Here’s a link to the podcast.

https://twowaytraffic.transistor.fm/episodes/what-you-need-to-know-about-recent-canadian-tax-changes

Darren Coleman

I want your perspective and what your clients are thinking about the capital gains change we saw recently, and the deadline for people making changes. Now we’re in the new environment where the inclusion rate, or the amount of money you have to pay tax on, has gone up. And the government told us this was only going to affect 0.13% of taxpayers. Do you think their math was right?

Anna Malazhavaya

I have doubts. I’m not an economist and don’t have access to all the government stats, but I can share some stats. Capital gain may apply on the sale of your property that is not your principal residence. This includes your cottage, and your investment in rental properties.

4 million Canadians hold more than one property

Darren Coleman

More than four million Canadians hold more than one property. So four million Canadians, potentially, may be subject to that new increase capital gain rate. So that’s not 0.13%. That’s more.

Anna Malazhavaya

It’s way more. Of course, if I argued for the other side, I would say, Well, you don’t know how much money these people made on the property, and the first $250,000 of capital gain is still subject to the old rate, and that’s true. But at the same time, something tells me if these people held the property for more than 10 years that gain will be substantial.
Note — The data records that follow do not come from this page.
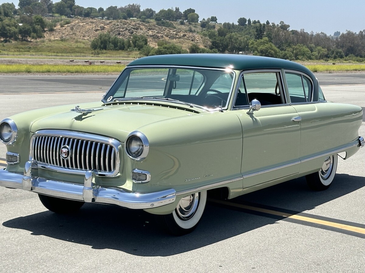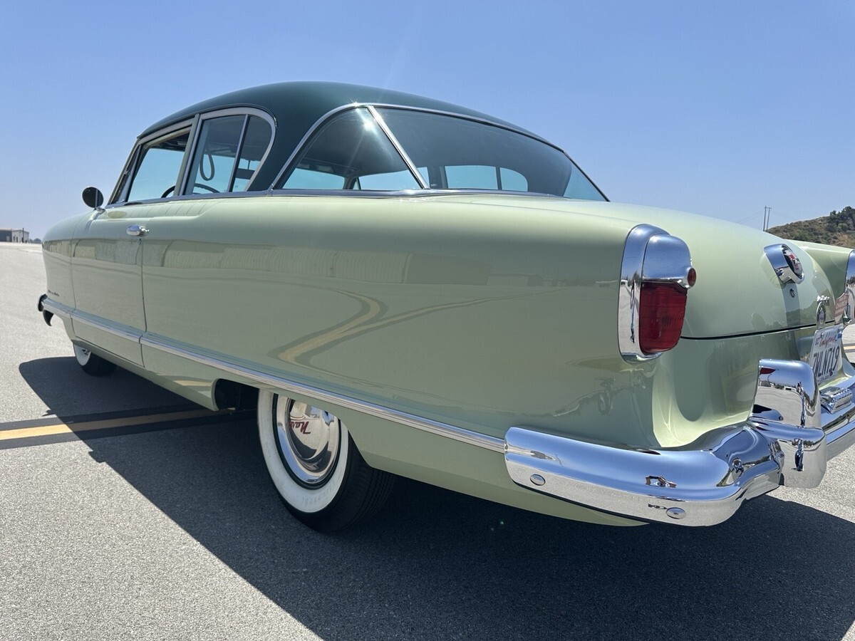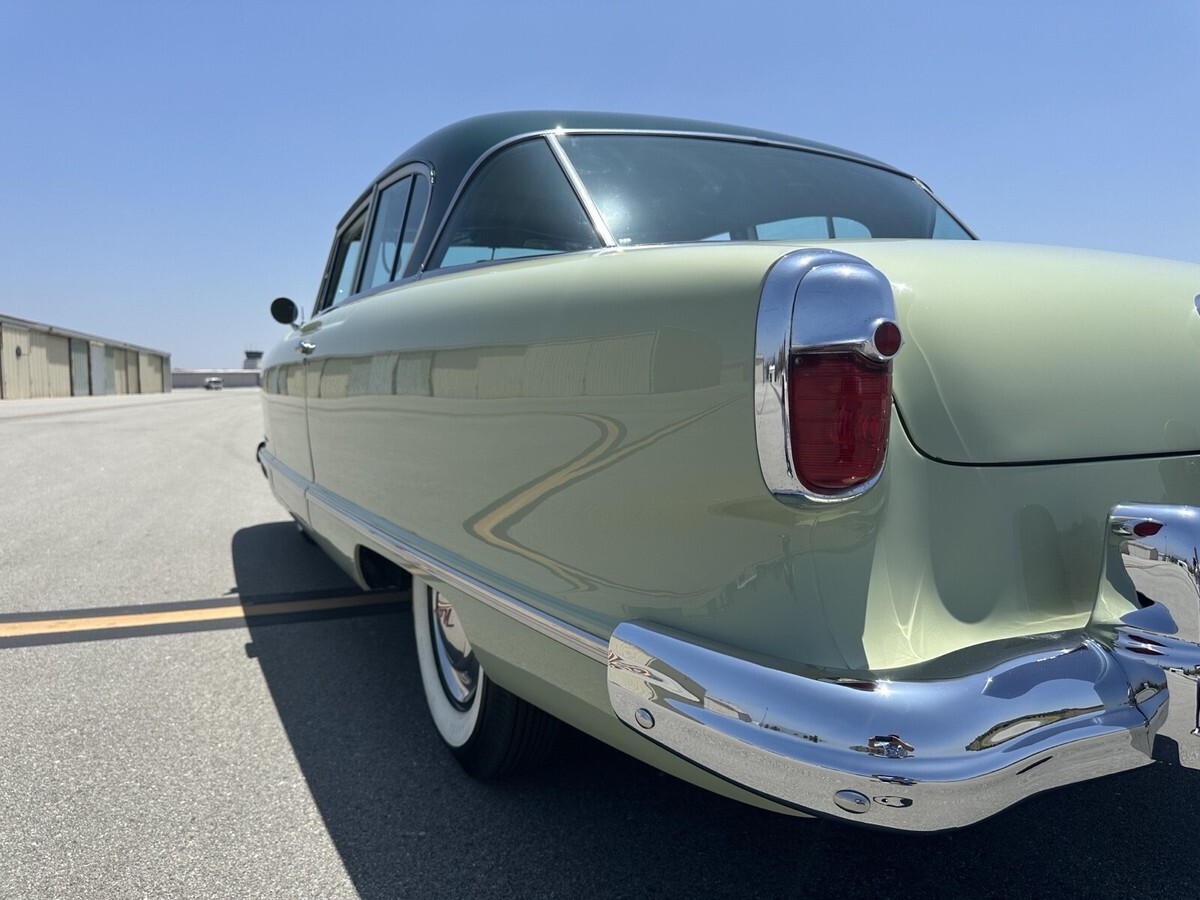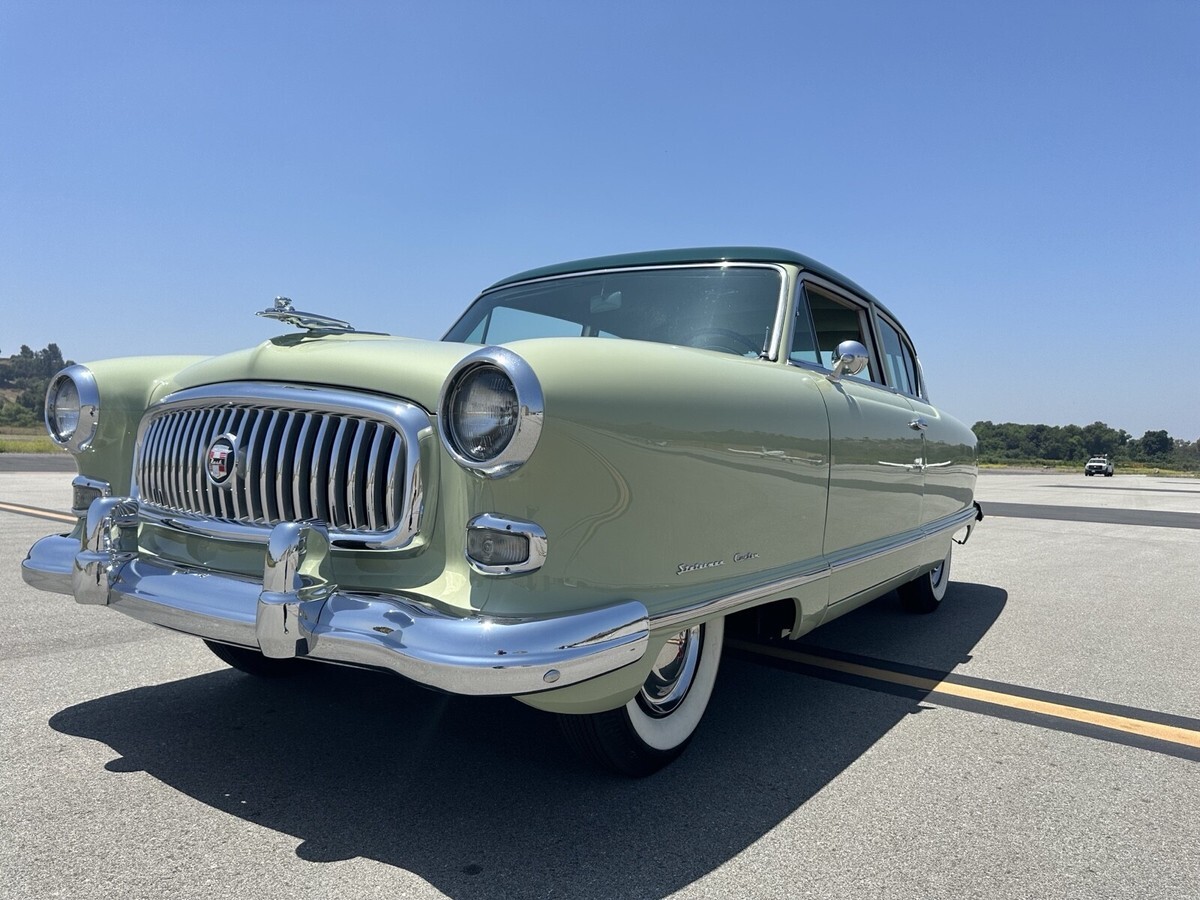 This is a 1953 Nash Statesman Custom in the rare 2 door model. This car runs and drives excellent. Newer Firestone whitewall tires. Has had all fluids serviced and we installed a new water pump about a year ago. This Statesman gets driven locally on weekends and has been stored indoors most of its life. There is no rust or rust repairs evident. This is a very dry Nash which if you know the brand they tend to rust. Chrome and bright work shines with some pitting starting but shows very nicely. Car was painted once with a high quality paint job the original colors. Interior is original and immaculate. Glass is in fantastic condition. Car is a wonderful driver and shower. Original 173 L head engine with 3 speed manual on the column. Car runs cool and drives, steers, brakes properly and can be driven immediately with confidence. 2 door Nash vehicles of this era are extremely rare and the whole Pininfarina bumper car look sets this apart from your average 53 anything. Always a crowd pleaser. A beautiful honest car. Message with any questions. Sold as is where is.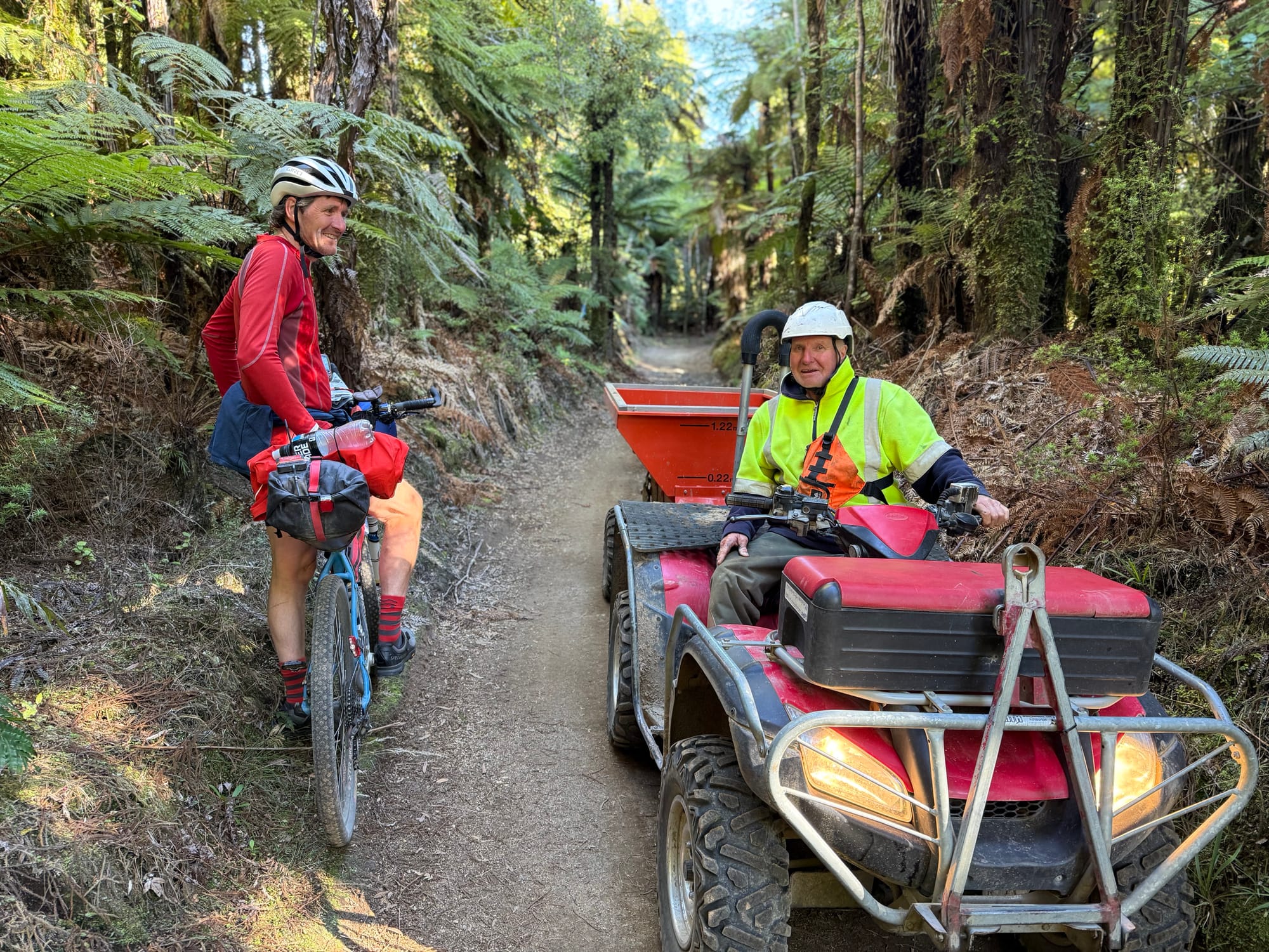 It turned out conditions were dry on the climb but here was a lot of highly enjoyable singletrack through lush native bush, ridable bridges etc. This is the route of the Te Araroa as well. I liked this section a lot more than the Timber Trail.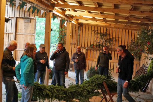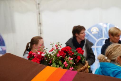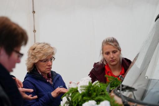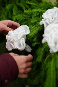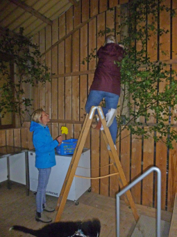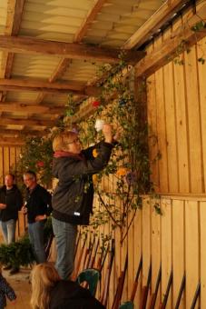 Rosen in der Schützenhalle anbringen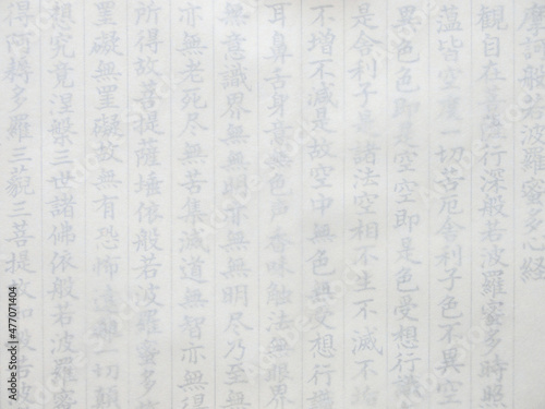 横長の上に半紙を置いてぼかした『般若心経』の写経見本の一部。仏教、宗教、東洋のイメージ背景素材。真上からの撮影。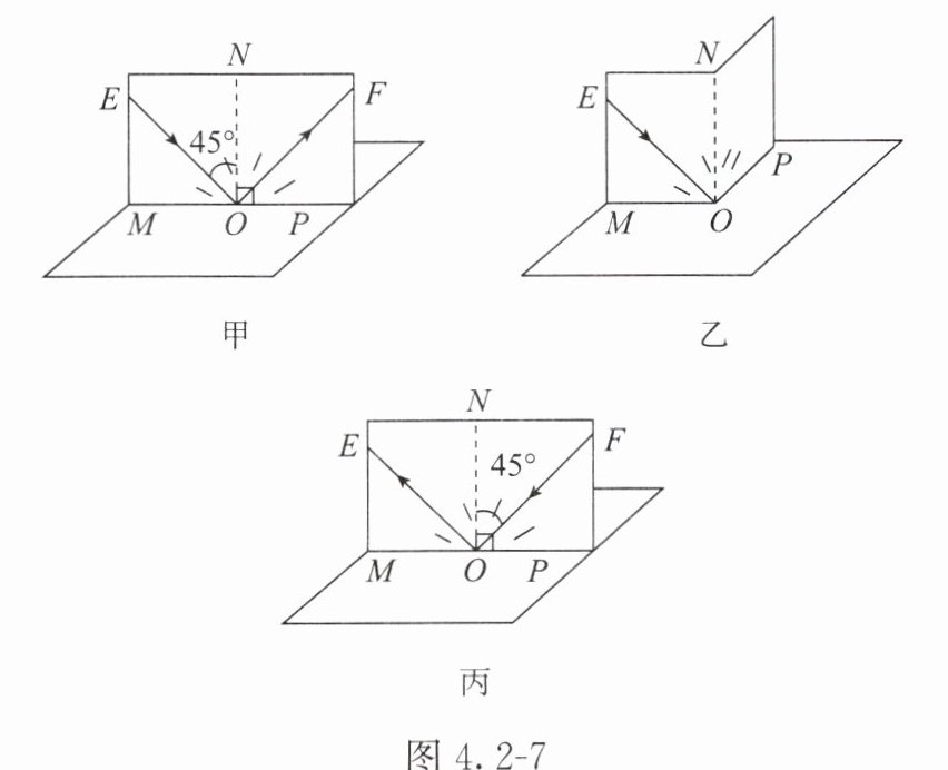 1. 图 4.2 - 7 是小天探究光的反射定律的实验过程。下列说法错误的是(
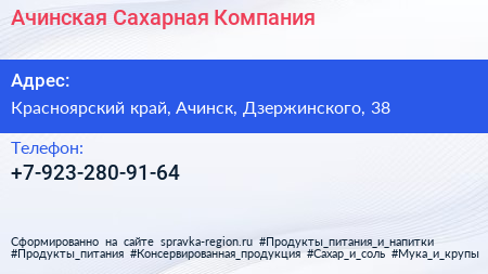 Ачинская Сахарная Компания по адресу Красноярский край, Ачинск, Дзержинского, 38 в дальнейшем Организация, размещена в следующих категориях: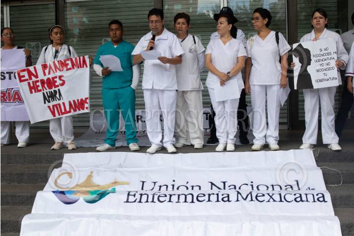 Integrantes de la Unión Nacional de Enfermería Mexicana se manifestaron frente a las oficinas del IMSS para exigir al gobierno federal salario justo, ya que señalan que durante la pandemia les prometieron aumentos de sueldos y plazas fijas.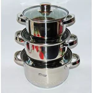 Набор кухонной посуды 6пр 1,5, 2 и 3л Набор кастрюль 6пр 1,5, 2 и 3л Edenberg EB-3733

Look at how the real estate market performed in the last 20 years.

Darren Coleman

A lot of these people will be subject to the new rules. And not only that, think about people who only have one property, and let’s say, live on a farm property, and they have their house. When they sell their property, not the entire sale price will be sheltered by the principal residence exemption, but only the portion that’s required for the maintenance of their farm property. Everything in excess will be subject to capital gain and can potentially be subject to these new higher rates. Do you know how the government arrived at their number? A reasonable solution would have been to look at past taxpayer data and say, if we look at the last five or 10 years, how many taxpayers had a capital gain over $250,000? Let’s average it out over a bunch of years. But that’s not what they did. They looked at one year, 2022, and said only 0.13% of taxpayers had a capital gain of over $250,000. But that was also a negative year for stock markets globally, and a bit of a negative year for real estate equity markets everywhere. Tell me a little more about how your clients are experiencing this change.

Anna Malazhavaya

Until 2022 I probably had five people consulting me about leaving Canada. Normally, it was the other way around. We had all those talented people who wanted to bring their money, settle their life in Canada, educate their children here, build their future, build businesses, hire people. Pay taxes at 54% mind you. But this year alone, I have over a dozen new clients who plan to leave Canada and for my practice it’s a big change. People calling me practically every week, saying, I’m done. You know what? This capital gain game change. It did not affect me today. It probably won’t affect me tomorrow, but it’s the straw that broke the camel’s back.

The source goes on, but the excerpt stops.